Homeland Security orders pipeline operators to beef up cybersecurity to protect fuel supply chain
On Tuesday, the Department of Homeland Security (DHS) issued new cyber security requirements for fuel pipeline owners and operators in response to the ransomware attack on the Colonial Pipeline.
In a June 20 statement, DHS announced the issuance of a Security Directive “that requires owners and operators of TSA-designated critical pipelines that transport hazardous liquids and natural gas to implement a number of urgently needed protections against cyber intrusions. “
The heightened attention on pipeline cyber security comes after a May ransomware attack that shut down the Colonial Pipeline for days. The pipeline provides about 45% of the fuel to the east coast, and gas station fuel shortages were reported in many states, including Virginia, North Carolina, Florida, South Carolina, Tennessee, and Alabama. Colonial Pipeline CEO Joseph Blount reportedly paid $4.4. million in cryptocurrency to the hacker group DarkSide to restore the pipeline services. The Darkside group is believed to have ties to Russia.

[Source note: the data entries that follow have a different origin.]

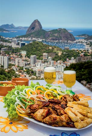 A casa no alto do Morro dos Prazeres serve fartas porções de carnes assadas no bafo. De lá se descortina a vista privilegiada e única da baía, do Pão de Açúcar e do Cristo Redentor. Com esse cartão-postal, o bar foi indicado nesta edição de COMER & BEBER na categoria visual do Rio. Seu Severino, o patriarca, trabalha ao lado dos filhos Leandro e Bruno no preparo de receitas robustas, como a costela suína no bafo, acompanhada de arroz, feijão, baião de dois, feijão-tropeiro, molho à campanha, batata ou aipim frito (R$ 85,00, para quatro pessoas). Também fornidos são a carne de sol e o frango completo, servidos com as mesmas guarnições (R$ 50,00, para três pessoas). A batidinha de gengibre pode abrir os trabalhos (R$ 5,00 a dose), mas também há sabores de coco, cajá e de melancia. As cervejas em garrafas de 600 mililitros são as usuais Original, Serramalte (R$ 10,00), Brahma e Antarctica (R$ 9,00). Para petiscar, vá de linguiça toscana com batata ou aipim (R$ 23,00) ou peça o bolinho de bacalhau frito na hora (R$ 4,50 a unidade).
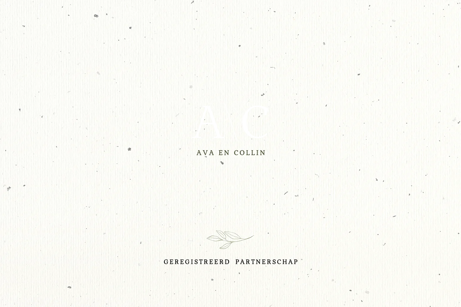 Minimalistische en hippe kaart voor geregistreerd partnerschap met de initialen in een gouden logo. De achtergrond van de kaart heeft lichte vlekjes voor een origineel effect en een eco look.
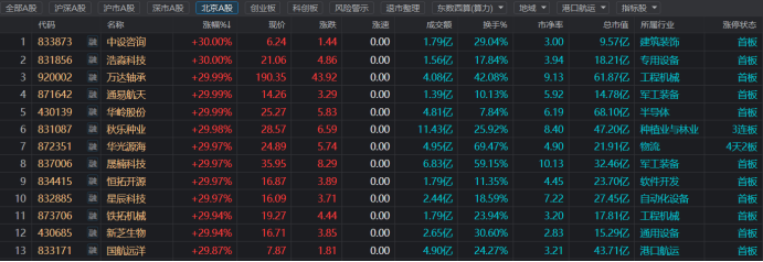 “30cm”三连板!北证热股集体狂飙
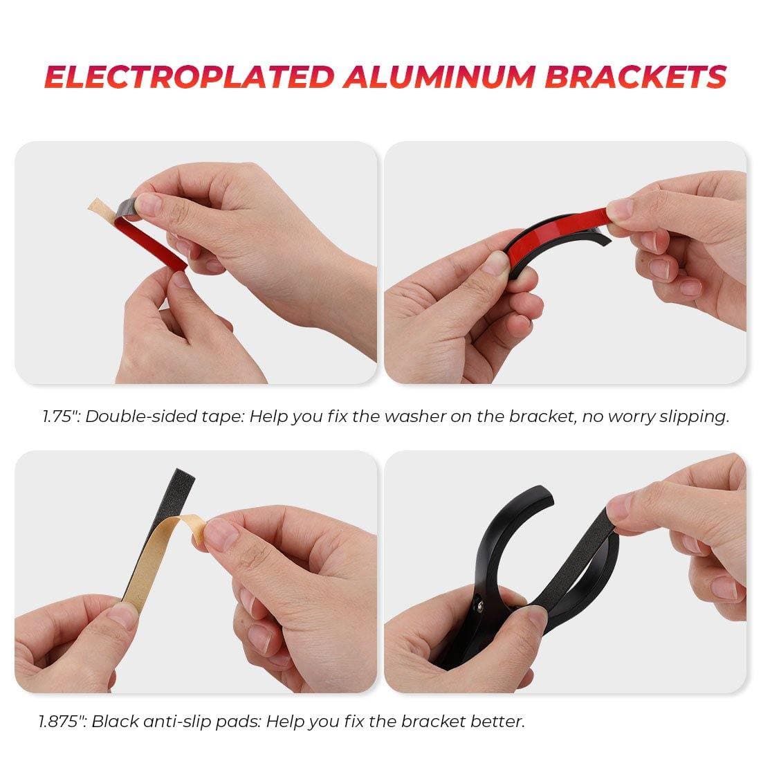 The aluminum bracket with black anti-slip pads can help you fix the 2" roll bar better. The red double-sided tape can help you fix the gasket on the bracket, no worry about slipping.
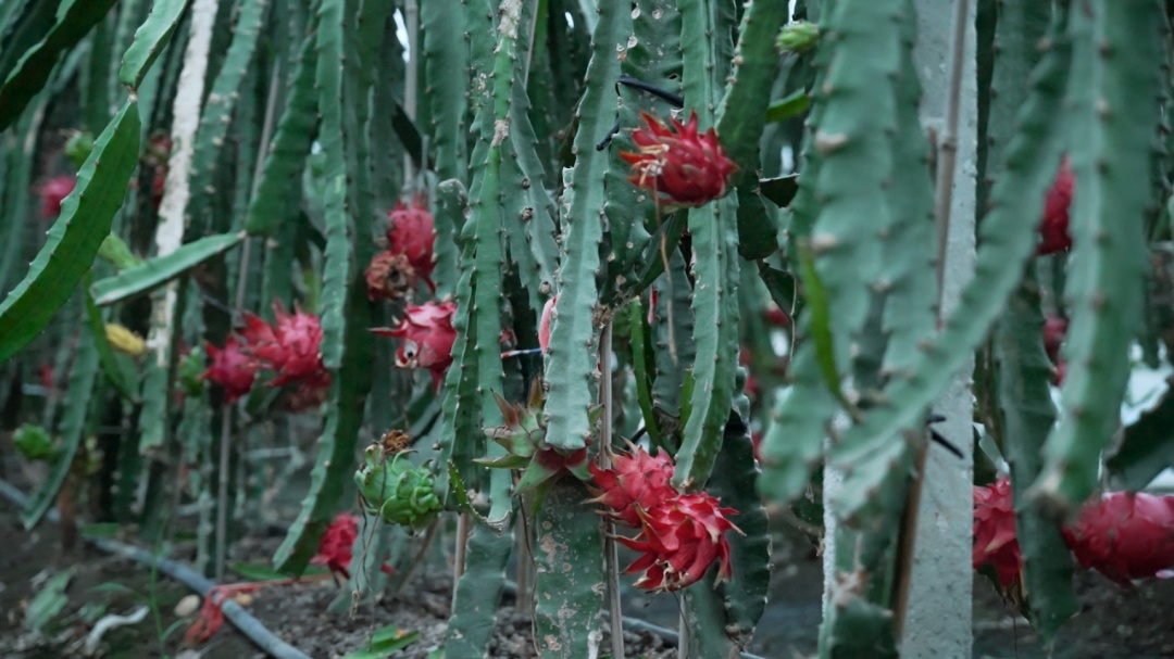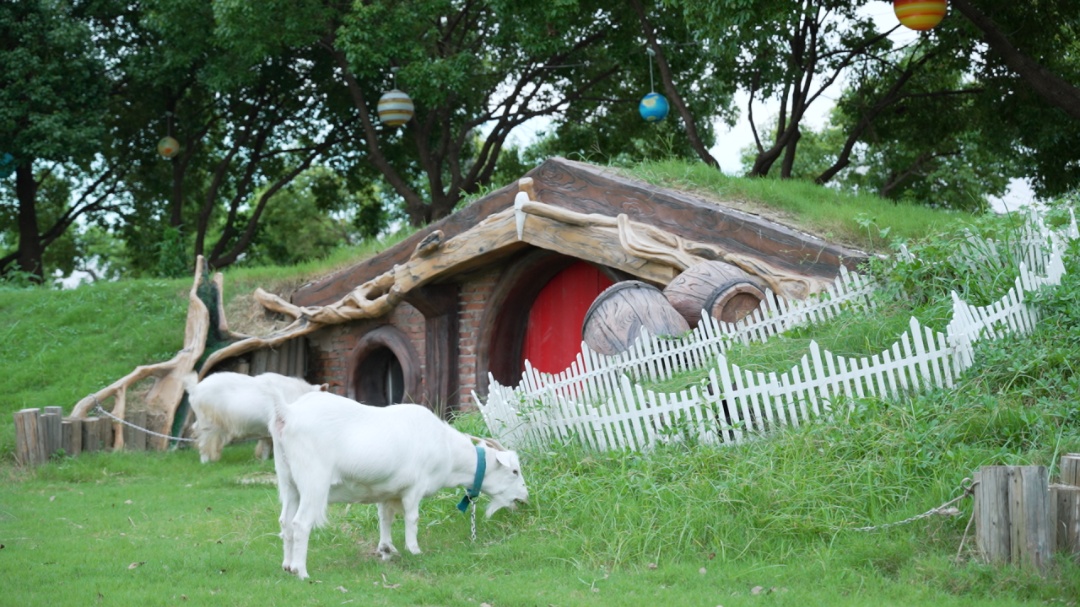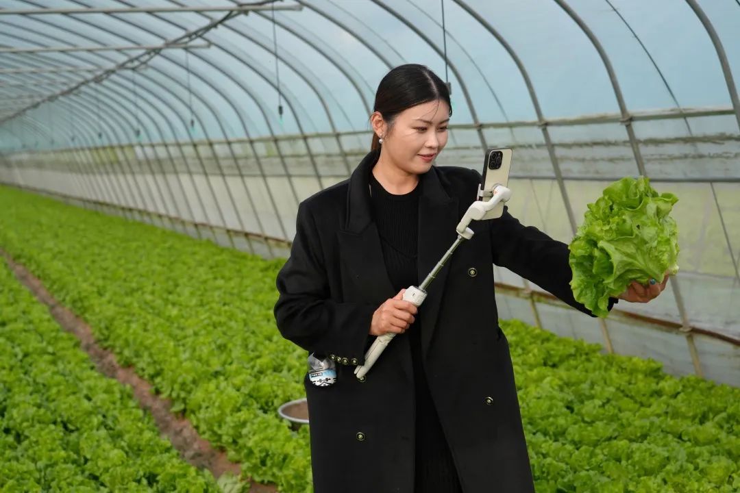 手机画面里出现了田间地头,一排排暖棚排列在道路两旁,碧绿的生菜整齐地排列着,火红的火龙果在藤蔓上向你挥手!还有两块占地6000平方米的大草坪,配套有特色的游乐设施,如色彩斑斓的小火车、可爱的“霍比特的小房子”等,张思玉用手机在直播平台上一一展示着。
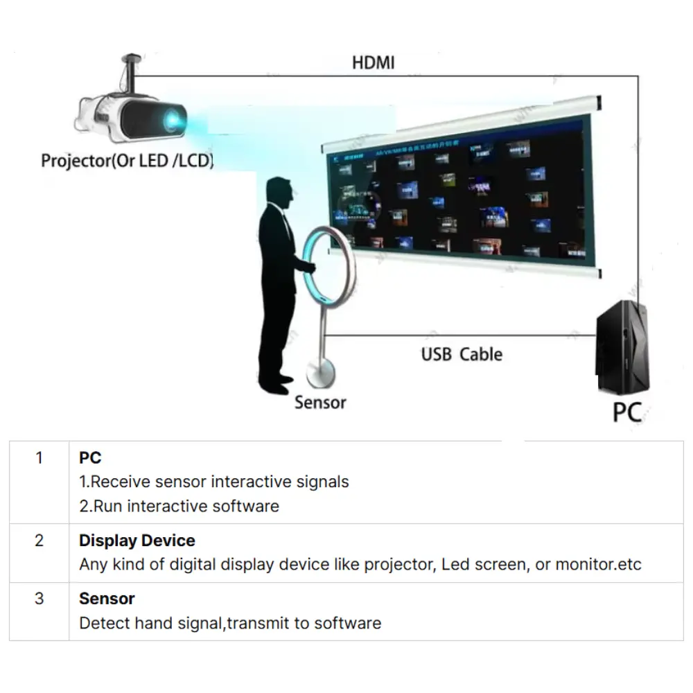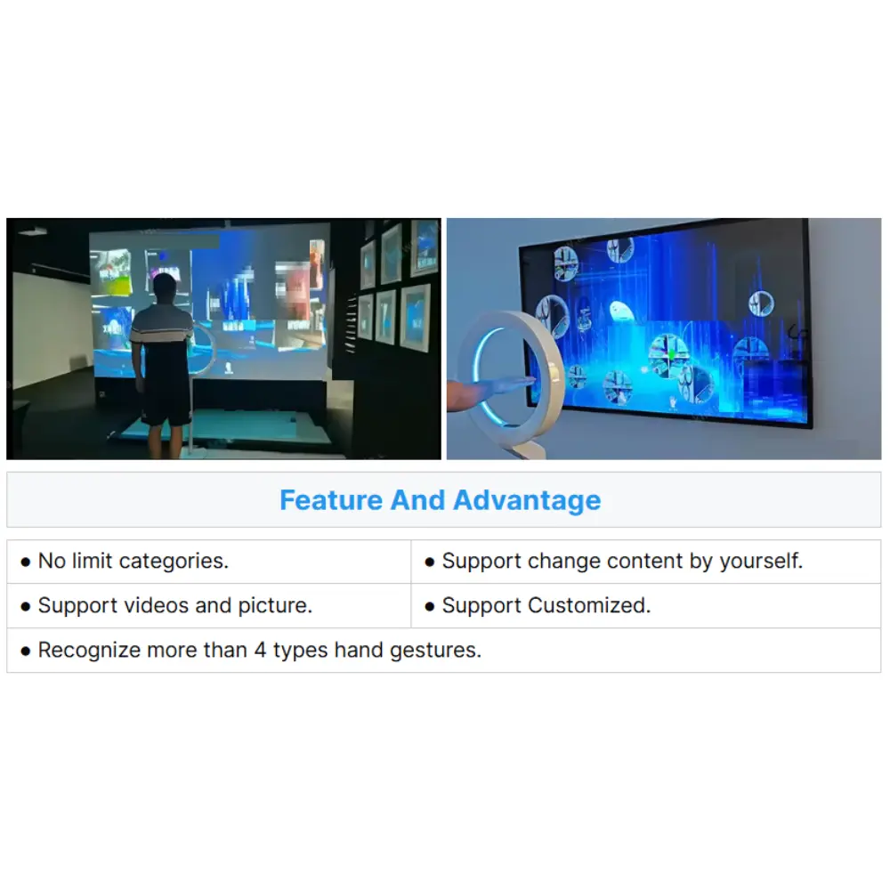 Το Σύστημα Τρισδιάστατης Διαδραστικής Αναγνώρισης Χειρονομιών για Εκθέσεις και Μουσεία είναι μια προηγμένη διαδραστική συσκευή σχεδιασμένη για καθηλωτικές εμπειρίες χρήστη σε μουσεία, εκθέσεις και εμπορικούς χώρους. Αυτό το σύστημα χρησιμοποιεί τεχνολογία αιχμής που βασίζεται σε τεχνολογία κάμερας Leap Motion για την ακριβή αναγνώριση χειρονομιών και κινήσεων, επιτρέποντας στους χρήστες να χειρίζονται ψηφιακό υλικό χωρίς να χρησιμοποιούν τα χέρια τους. Αυτή η καινοτόμος λύση ενισχύει τη διαδραστικότητα, καθιστώντας τις εκπαιδευτικές και προωθητικές εμπειρίες πιο ελκυστικές. Το σύστημα υποστηρίζει οθόνες υψηλής ανάλυσης όπως οθόνες LED, προβολείς και πάνελ LCD, εξασφαλίζοντας ομαλή και καθαρή οπτική απόδοση έως 1920×1080 (HD). Κατασκευασμένο από ανοξείδωτο ατσάλι, είναι ανθεκτικό και σχεδιασμένο να αντέχει σε εκτεταμένη δημόσια χρήση. Επιπλέον, λειτουργεί σε ένα ευρύ φάσμα θερμοκρασιών (-20°C έως 50°C), καθιστώντας το προσαρμόσιμο σε διάφορα περιβάλλοντα. Χρησιμοποιούμενο σε επιχειρηματικά περιβάλλοντα, εκπαιδευτικά ιδρύματα, χώρους ψυχαγωγίας και χώρους λιανικής πώλησης, αυτό το σύστημα με τεχνητή νοημοσύνη φέρνει επανάσταση στην διαδραστική αφήγηση ιστοριών, τις παρουσιάσεις και την εμπλοκή των πελατών.
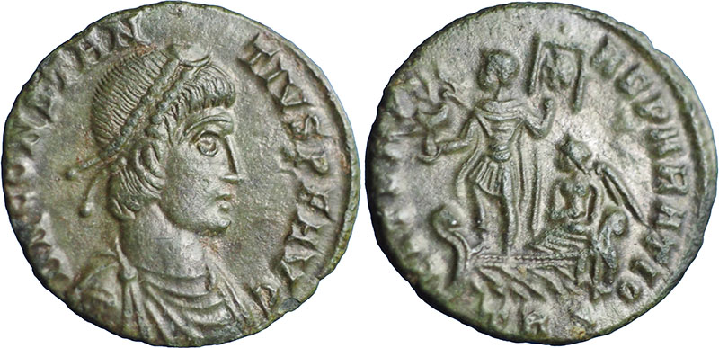 CONSTANTIUS II. 337-361 AD. Æ Centenionalis (22mm). DN CONSTAN-TIVS PF AVG, pearl diademed, draped and cuirassed bust right. ® FEL TEMP-REPARATIO, Constantius standing left on galley holding Phoenix and labarum. Victory seated behind. Mintmark TRS (Trier). RIC VIII, 214. |
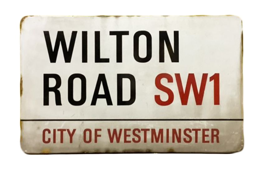 An enamelled steel street sign for Wilton Road SW1, City of Westminster
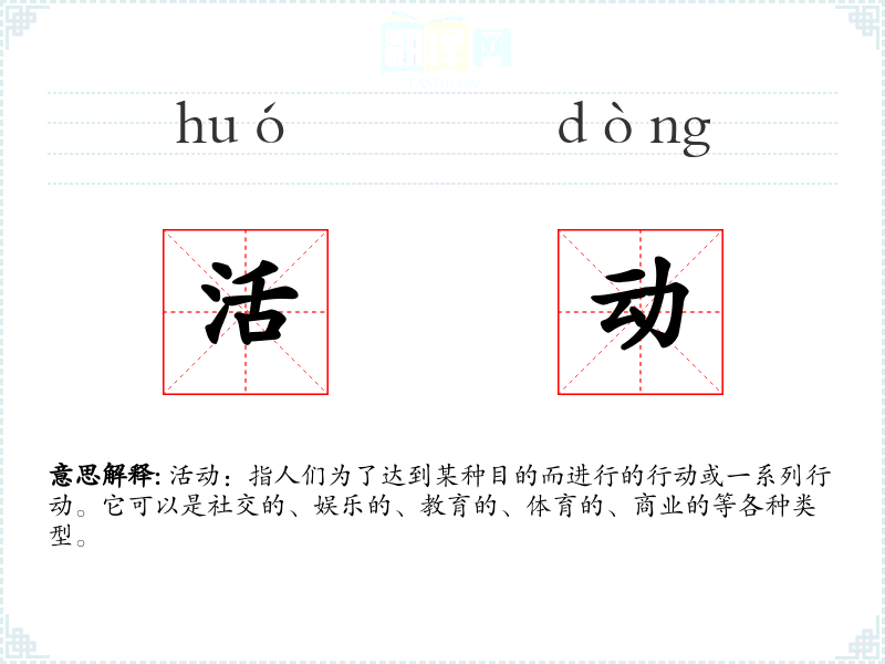 - 专业领域:在商业或教育领域,“活动”可能特指市场推广活动、学术研讨会等。
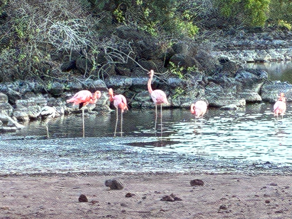There was a lagoon a short walk from the beach. This was a Galapagos mockingbird on the tree as we walked in and later, one came right up to me on the beach and sang. It was pretty neat.

“The lives and livelihoods of the American people depend on our collective ability to protect our Nation’s critical infrastructure from evolving threats,” said Secretary of Homeland Security Alejandro N. Mayorkas. “Through this Security Directive, DHS can better ensure the pipeline sector takes the steps necessary to safeguard their operations from rising cyber threats, and better protect our national and economic security. Public-private partnerships are critical to the security of every community across our country and DHS will continue working closely with our private sector partners to support their operations and increase their cybersecurity resilience.”
DHS issued another Security Directive to pipeline owners and operators in May requiring that they report confirmed or suspected cyber security attacks to the Cybersecurity and Infrastructure Security Agency (CISA), designate a Cybersecurity Coordinator to be available 24/7, and review current practices to identify gaps in their cyber security defenses and report those gaps to authorities within a 30 day period.
Adding to worries about the fuel supply chain is a reported shortage of tanker truck drivers, which has resulted in intermittent dry gas stations in several states over the late spring and into summer.
“Many of these gasoline delivery drivers lost their jobs last year at the beginning of the pandemic. These drivers took their skills to shipping services like Amazon. They took to delivering household items like toilet paper which were in high demand last year. Now that gasoline demand has returned to near pre-pandemic levels, the driver shortage is causing supply chain issues,” AAA Colorado said as several gas stations in Pueblo, Canon City, Denver, and Colorado Springs ran dry in June.